# New Orleans



## ctt17 (May 7, 2007)

Guys,

Wife and I are taking about taking a short trip to NO this late fall/winter. I got the green light to book a redfish trip with Fly Water Expeditions. 

Anyone has any advice on when to book a trip over there? Besides frequency of cold fronts, any difference on Oct/Nov/Dec?

Thanks,
Craig


----------



## POCsaltdog (Nov 26, 2014)

ctt17 said:


> Guys,
> 
> Wife and I are taking about taking a short trip to NO this late fall/winter. I got the green light to book a redfish trip with Fly Water Expeditions.
> 
> ...


October is the best IMO. Preferably 10 days prior to a full moon. November is just as good, but dodging fronts. October is actually my favorite time of year. Nothing but BULL REDS.


----------



## TXyakker (Aug 18, 2005)

Hopefully you'll get to fish with Greg. He's a great guide and a great dude to boot! I went to Tulane with him and we fished the marshes south of NOLA way before he became big time.


----------



## ctt17 (May 7, 2007)

POCsaltdog said:


> October is the best IMO. Preferably 10 days prior to a full moon. November is just as good, but dodging fronts. October is actually my favorite time of year. Nothing but BULL REDS.
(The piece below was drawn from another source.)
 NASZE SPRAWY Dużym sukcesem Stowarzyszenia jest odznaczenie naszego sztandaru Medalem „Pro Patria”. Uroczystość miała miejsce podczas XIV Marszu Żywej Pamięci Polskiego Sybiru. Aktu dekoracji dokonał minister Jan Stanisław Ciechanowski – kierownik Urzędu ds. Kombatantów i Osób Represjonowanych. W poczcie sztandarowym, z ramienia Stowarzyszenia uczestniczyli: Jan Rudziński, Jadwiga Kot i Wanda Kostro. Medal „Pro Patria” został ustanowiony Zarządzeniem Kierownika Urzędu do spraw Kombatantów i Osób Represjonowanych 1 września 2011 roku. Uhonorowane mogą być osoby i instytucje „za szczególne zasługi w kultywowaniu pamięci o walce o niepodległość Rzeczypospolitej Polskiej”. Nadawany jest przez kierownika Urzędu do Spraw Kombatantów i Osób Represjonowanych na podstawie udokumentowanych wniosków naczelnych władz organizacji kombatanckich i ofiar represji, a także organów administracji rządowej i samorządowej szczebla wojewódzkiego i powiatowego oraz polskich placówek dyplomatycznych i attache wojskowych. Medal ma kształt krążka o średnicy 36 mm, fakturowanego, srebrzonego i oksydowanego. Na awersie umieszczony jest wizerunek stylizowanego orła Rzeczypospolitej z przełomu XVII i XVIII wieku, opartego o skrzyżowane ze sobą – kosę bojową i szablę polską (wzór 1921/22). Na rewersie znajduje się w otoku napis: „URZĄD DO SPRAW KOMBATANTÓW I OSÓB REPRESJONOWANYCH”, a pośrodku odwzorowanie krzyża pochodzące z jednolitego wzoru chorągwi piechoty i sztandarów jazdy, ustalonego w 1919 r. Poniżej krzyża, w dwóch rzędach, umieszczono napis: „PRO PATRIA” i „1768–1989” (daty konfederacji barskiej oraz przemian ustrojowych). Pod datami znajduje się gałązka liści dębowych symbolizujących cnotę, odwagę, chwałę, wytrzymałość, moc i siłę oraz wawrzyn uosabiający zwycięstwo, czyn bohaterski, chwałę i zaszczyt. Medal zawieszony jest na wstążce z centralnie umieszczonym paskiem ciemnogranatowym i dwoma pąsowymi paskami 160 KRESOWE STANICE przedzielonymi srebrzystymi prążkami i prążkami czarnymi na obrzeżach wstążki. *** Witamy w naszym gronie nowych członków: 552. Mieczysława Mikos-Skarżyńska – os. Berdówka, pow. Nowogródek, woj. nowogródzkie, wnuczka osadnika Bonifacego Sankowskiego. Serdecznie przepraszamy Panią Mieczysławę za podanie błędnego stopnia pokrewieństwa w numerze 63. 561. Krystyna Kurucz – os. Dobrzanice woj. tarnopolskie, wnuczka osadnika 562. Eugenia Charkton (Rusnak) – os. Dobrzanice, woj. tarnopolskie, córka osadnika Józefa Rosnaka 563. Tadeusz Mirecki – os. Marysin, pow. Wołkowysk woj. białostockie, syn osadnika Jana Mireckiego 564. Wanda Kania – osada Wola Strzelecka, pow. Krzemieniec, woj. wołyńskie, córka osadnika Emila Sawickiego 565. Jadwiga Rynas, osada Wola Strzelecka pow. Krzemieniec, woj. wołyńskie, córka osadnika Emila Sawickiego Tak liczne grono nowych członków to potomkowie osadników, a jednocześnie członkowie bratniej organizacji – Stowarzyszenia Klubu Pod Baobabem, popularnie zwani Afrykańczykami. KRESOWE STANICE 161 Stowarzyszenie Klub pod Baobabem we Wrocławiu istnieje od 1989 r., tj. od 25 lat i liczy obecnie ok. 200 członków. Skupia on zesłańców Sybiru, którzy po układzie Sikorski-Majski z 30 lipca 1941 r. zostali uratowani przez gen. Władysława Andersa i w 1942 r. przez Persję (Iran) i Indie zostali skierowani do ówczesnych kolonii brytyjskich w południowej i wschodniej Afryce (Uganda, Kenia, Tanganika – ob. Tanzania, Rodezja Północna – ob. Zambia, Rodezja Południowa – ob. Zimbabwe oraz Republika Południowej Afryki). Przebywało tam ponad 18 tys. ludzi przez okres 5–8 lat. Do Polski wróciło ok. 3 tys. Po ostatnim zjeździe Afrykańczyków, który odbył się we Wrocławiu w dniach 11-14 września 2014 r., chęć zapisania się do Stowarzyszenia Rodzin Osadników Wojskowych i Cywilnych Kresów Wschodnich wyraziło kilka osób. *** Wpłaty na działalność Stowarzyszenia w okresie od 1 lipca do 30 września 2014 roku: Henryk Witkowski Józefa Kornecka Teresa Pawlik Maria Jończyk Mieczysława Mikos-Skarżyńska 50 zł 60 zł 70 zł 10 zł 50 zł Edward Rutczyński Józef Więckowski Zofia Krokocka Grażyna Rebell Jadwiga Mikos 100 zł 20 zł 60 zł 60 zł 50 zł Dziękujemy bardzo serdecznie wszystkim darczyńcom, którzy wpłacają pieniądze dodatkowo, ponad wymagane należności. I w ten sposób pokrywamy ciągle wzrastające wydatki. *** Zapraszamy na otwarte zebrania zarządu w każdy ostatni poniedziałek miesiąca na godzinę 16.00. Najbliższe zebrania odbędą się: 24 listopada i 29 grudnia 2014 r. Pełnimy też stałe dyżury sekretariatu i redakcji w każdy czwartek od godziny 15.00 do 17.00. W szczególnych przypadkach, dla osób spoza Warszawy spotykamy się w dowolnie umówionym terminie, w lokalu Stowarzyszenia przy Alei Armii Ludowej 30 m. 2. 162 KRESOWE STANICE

Thanks for the advice. Our wedding anniversary is in Dec, so I'll prob have to book closer to the later part of the year.

Fishing wise, what's the water like at that time? Do you think I'll have shots at bigger fish later in the year?


----------



## quattro (Sep 28, 2014)

Oct/Nov are peak times for the ideal weather and big fish. But the big fish are there through feb. Weather can be dodgy in jan/feb but the fish are huge.
Better look to book soon as the fall often books close to a year in advance and by three months out will be challenging to find an available guide.


----------



## Ripin' Lips (Jul 3, 2012)

ctt17 said:


> Guys,
> 
> Wife and I are taking about taking a short trip to NO this late fall/winter. I got the green light to book a redfish trip with Fly Water Expeditions.
> 
> ...


I'd ask Greg for recommendations for the best time to go. Weather can be spotty so if possible, book multiple days. If you cant fish with Greg, i would recommend Paul Lappin or Nick Sassic.


----------